It's the law. Vaccinate pets

The law requires rabies vaccinations for dogs and cats.

In Hamilton County, compliance with vaccination laws is spotty, at best. Health department officials report that only 55 percent of dogs and 19 percent of cats here were vaccinated last year. Those numbers are unacceptable, especially since pet vaccinations are available at countywide, low-cost rabies clinics as well as at veterinarians' offices. The clinics, held from 4 to 6 p.m., at more than 60 sites, start Friday and continue though April 28. A complete schedule was printed in Tuesday's edition of the Times Free Press and is available online at timesfreepress.com.

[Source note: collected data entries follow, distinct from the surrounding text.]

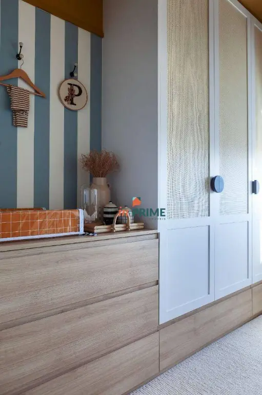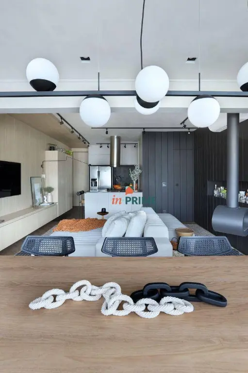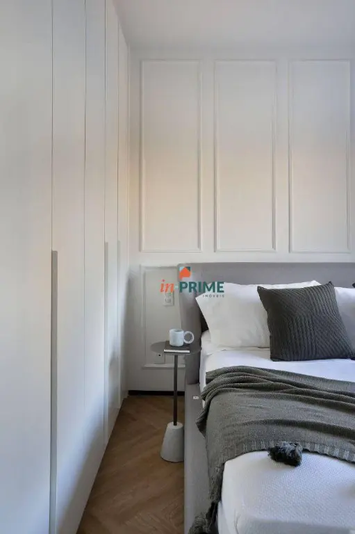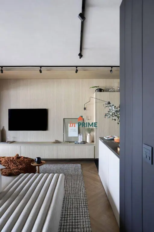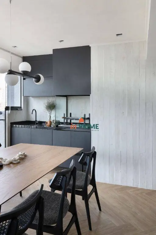 Apartamento de 85m2, com projeto de interiores elaborado pelo Studio TACCO, com armários planejados personalizados em todos os ambientes pela Todeschini. Sala com 2 ambientes, jantar e estar com lareira ecológica suspensa, painel laqueado ripado com portas mimetizadas e bar embutido.
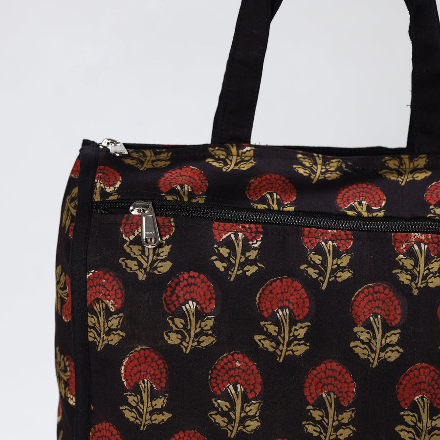 Enhance your shopping routine with our black handmade ajrakh block-printed cotton shopping bag. Crafted from premium cotton, it seamlessly blends durability and style. The spacious design accommodates daily essentials, making it a versatile accessory. Textured with handmade textiles from India, this bag serves practical purposes and also showcases artisanal craftsmanship.
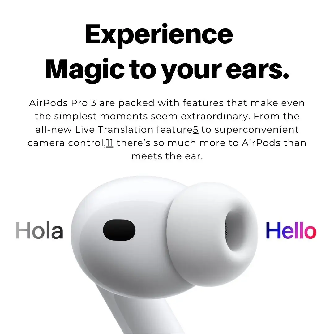- Live Translation: The AirPods Pro 3 support real-time language translation when paired with a compatible iPhone. This feature facilitates smooth communication between speakers of different languages, making it ideal for travel and international meetings.
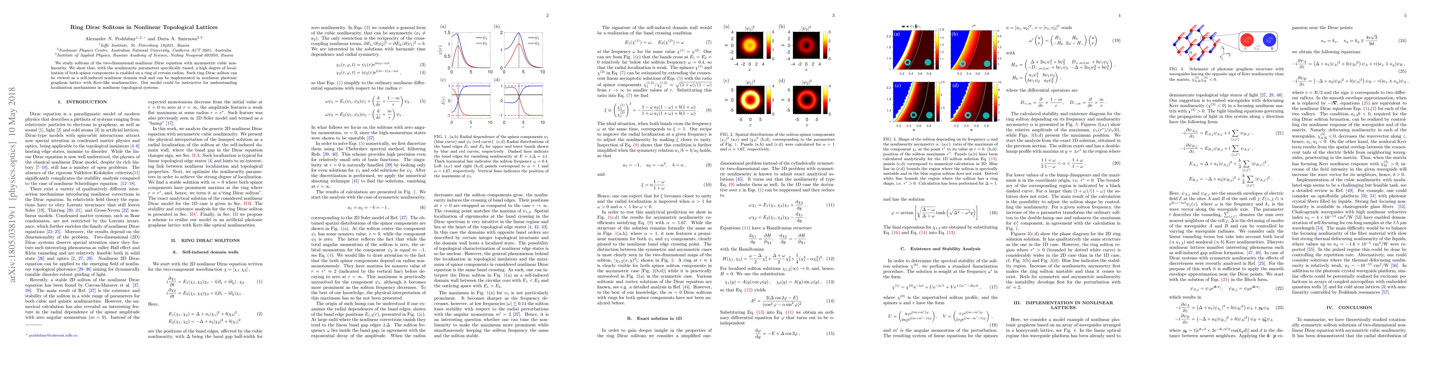 Researchers discovered a type of soliton in a 2D nonlinear Dirac equation that can form a ring-shaped structure with high localization, which could lead to the creation of self-induced domain walls in non-linear photonic graphene lattices.
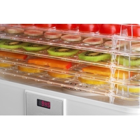 Сушка фруктов, овощей, грибов, зелени, цветов и макаронных изделийКоличество экранов: 5 прозрачных экранов + крышкаЦифровое управлениеУстановка расстояния между ситамиПрограмма по умолчанию: 70 ° C / 10 ч.Равномерная сушкаТАЙМЕР: 30 мин. - 99 ч (каждые 30 мин.)Площадь экрана: 0,3 м2Защита от перегреваТихая работа: макс. 60 дБ
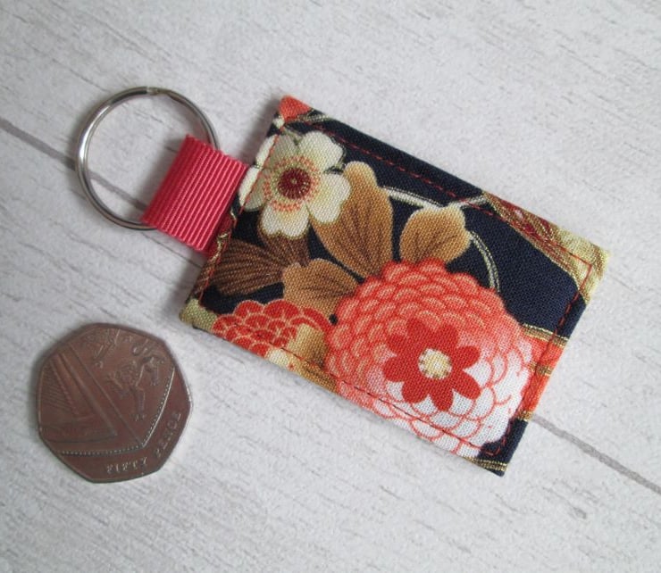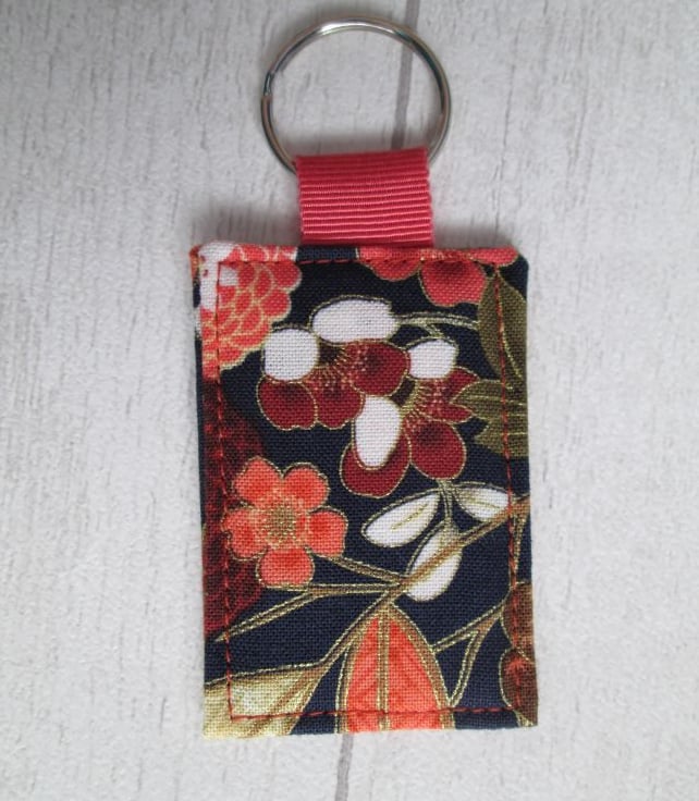 There was just enough of this gorgeous Japanese floral print left for this keyring/bag tag - beautiful flowers in autumnal shades picked out in metallic gold. Stiffened with interfacing. it measures 6 cm x 4 cm and is fitted with a metal split ring for keys or attaching to a bag or suitcase.
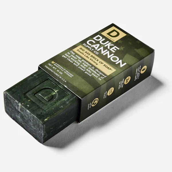 Duke Cannon’s Limited Edition WWII-Era Big Ass Brick of Soap is formulated with activated charcoal and is shaped and sized based on inspiration from those issued to G.I.’s during the Korean War. Duke Cannon’s version comes in unique scents like Victory which also conveys the message “Victory is in Your hands.”
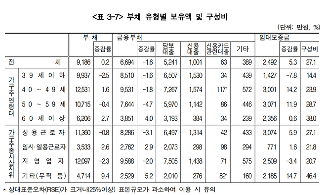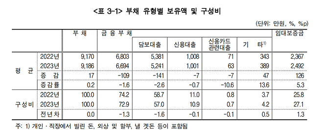 오늘(7일) 한국은행과 통계청, 금융감독원이 공동 조사해 발표한 '2023년 가계금융복지조사' 결과에 따르면, 올해 3월말 기준 가구의 평균 부채는 9천186만원으로, 1년 전보다 0.2% 증가한 것으로 나타났습니다.
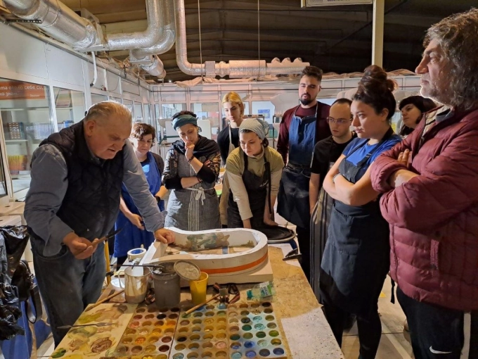 Тази година творческият стаж на студентите от Нов български университет в Севлиево премина в изучаване на нова техника - трансферна ангобна техника в гипсов калъп. Това е една от най-интересните техники в съвременната керамика, характерна за творчеството на проф. Бончев.
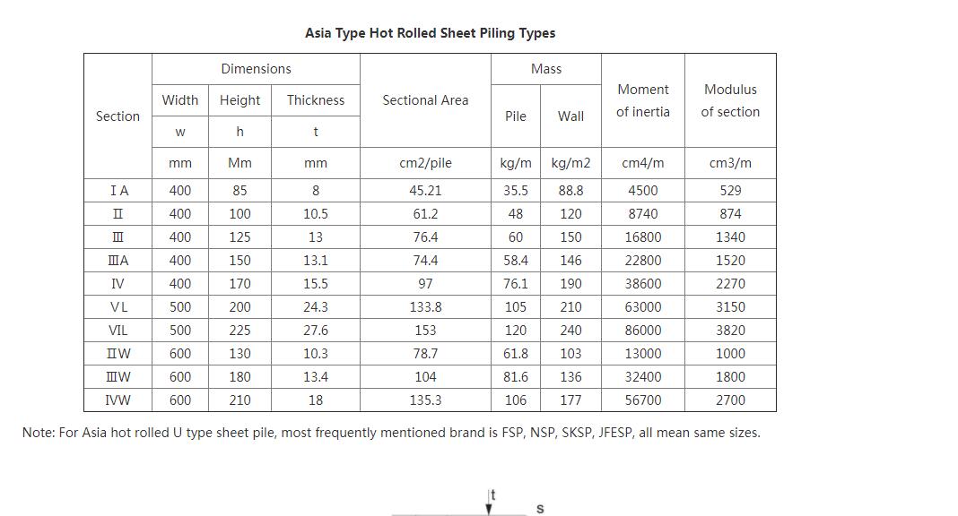 U type sheet piles are U type profiles with interlock at both sides to form the continuous walls,which has center lines in the middle of the double U section wall. U profile sheet piles can stack more stable than any other shapes,so can be used both in permanent and temporary projects. Millons of tons of U-shaped hot rolled sheet piles have been used all over the world for al kind of structures formore than 100 years.U profile sheet pilingwas the tradition, especially in Aisa.
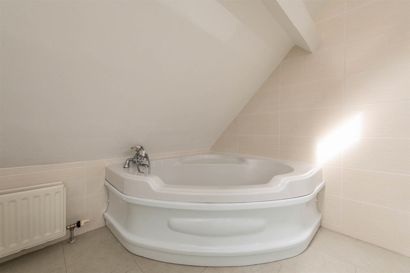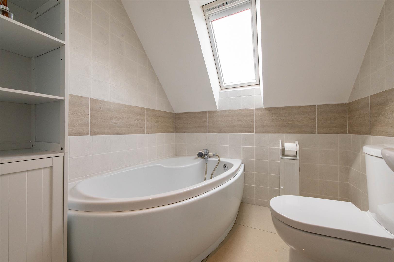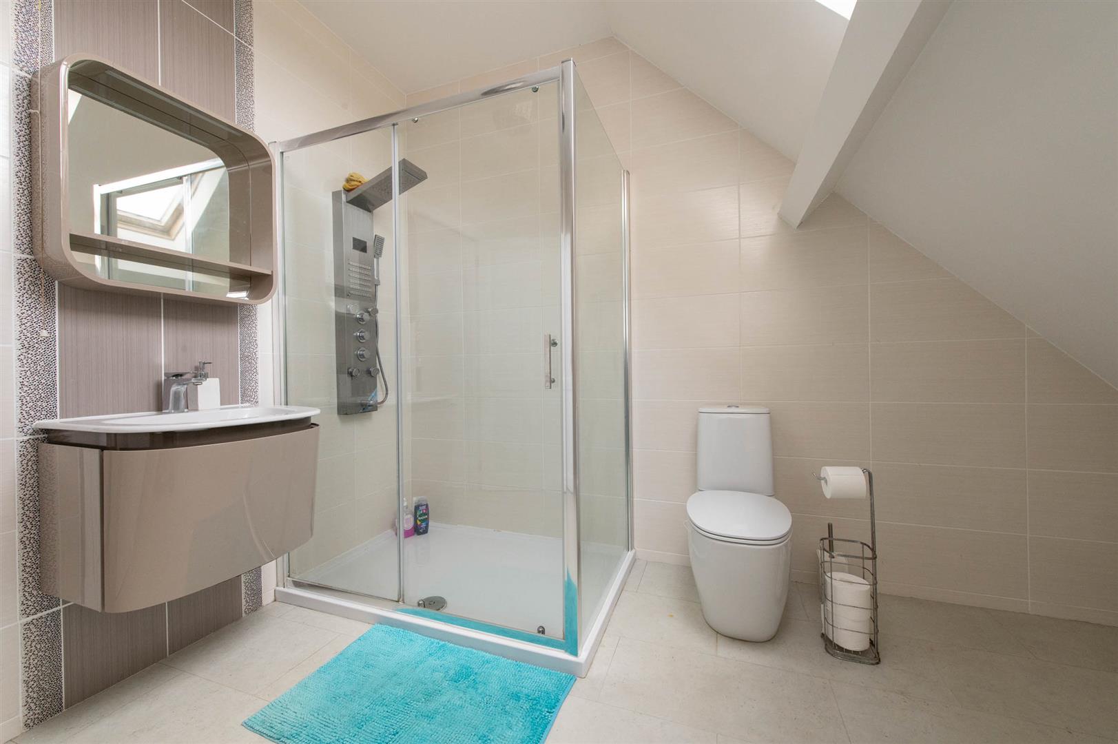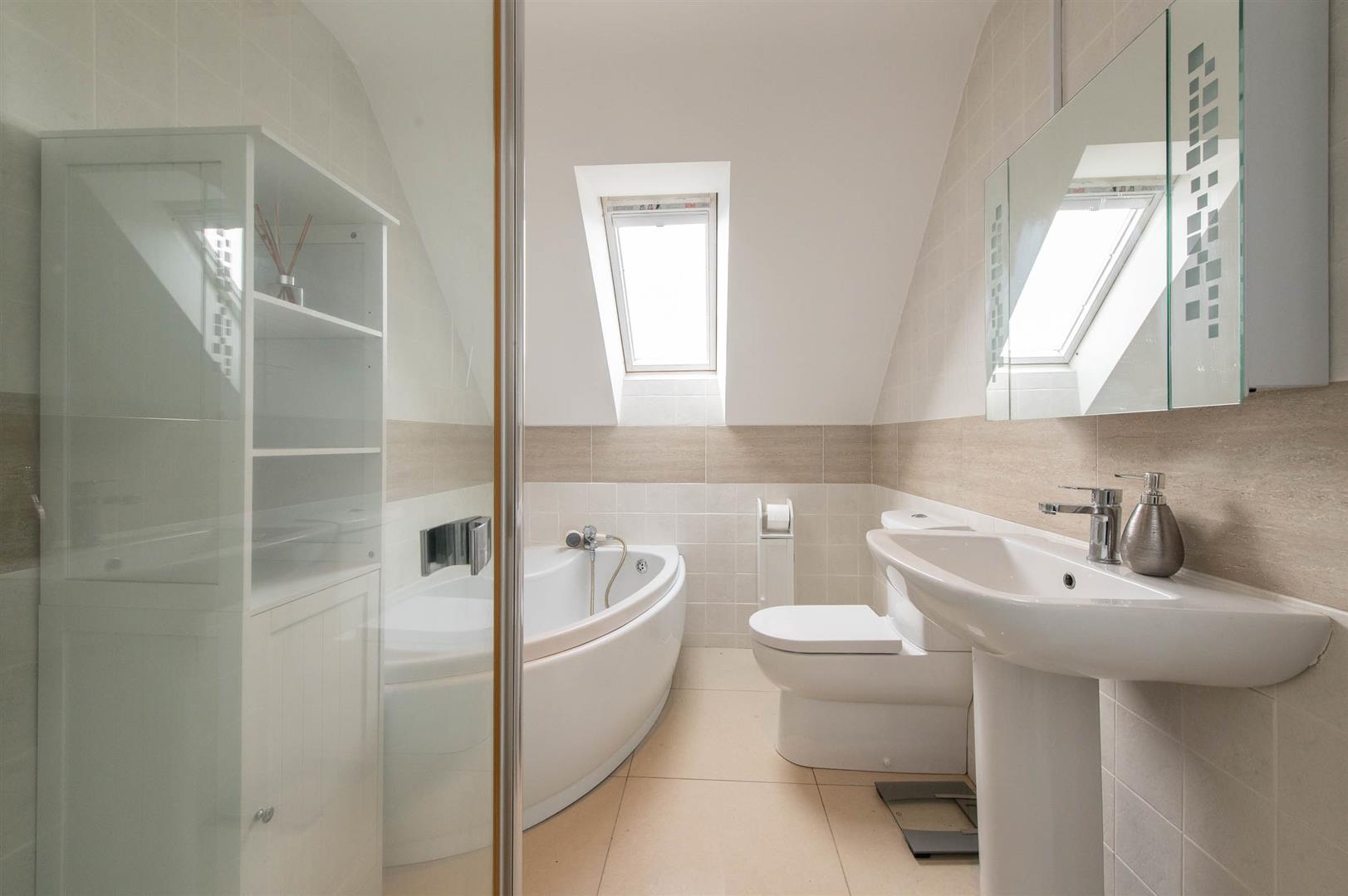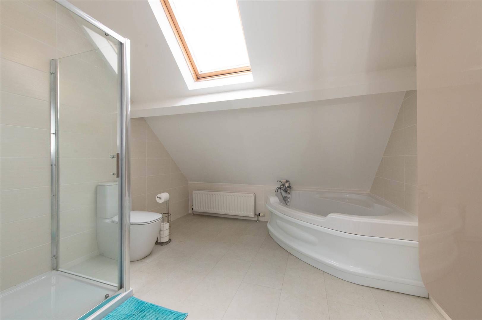 Corner bath, glazed shower cubicle with feature shower, vanity unit sink, wall tiling, Velux window

Pet owners offer varied excuses for their failure to have their animals vaccinated. None, including the fact that there have been no human cases of rabies here in recent years, is acceptable. Rabies is still widespread in the wild - four rabid bats were identified in the county last year - and history suggests that a low rate of vaccination greatly increases the risk of rabies infection for pets and their owners.

That's because household pets are far more likely to have contact with bats, raccoons and foxes - the typical carriers of rabies - than people. That's not a far-fetched possibility in the contemporary urban-suburban environment where humans and wild animals live in ever-closer proximity to each other. If a vaccinated pet is bitten by rabid wildlife, it will not contract the disease. Without vaccination, a pet is likely to get the ailment and then pass it on.

That's because rabies is often very hard to identify in its early stages, and an infected animal might not have signs of illness. Thus, a pet owner or someone else could contract the disease from contact - say, a lick that touches a sore or cut - and contract the disease. Rabies is fatal if it is not treated quickly. Thankfully, deaths are not as common as in the past. Today, antidotes are available and far less frightening and painful than they once were. Still, prompt treatment is necessary.

The dearth of rabies cases here and across the country in the last few years should not lull pet owners or the general public into a false sense of security. Rabies is still a deadly threat. Those who fail to vaccinate their pets - whether at the clinics that start Friday or at their veterinarian's office - are violating that law. Compliance with the rabies ordinance rather than willfully ignoring it would make pet-owning households and the communities where they live far safer places.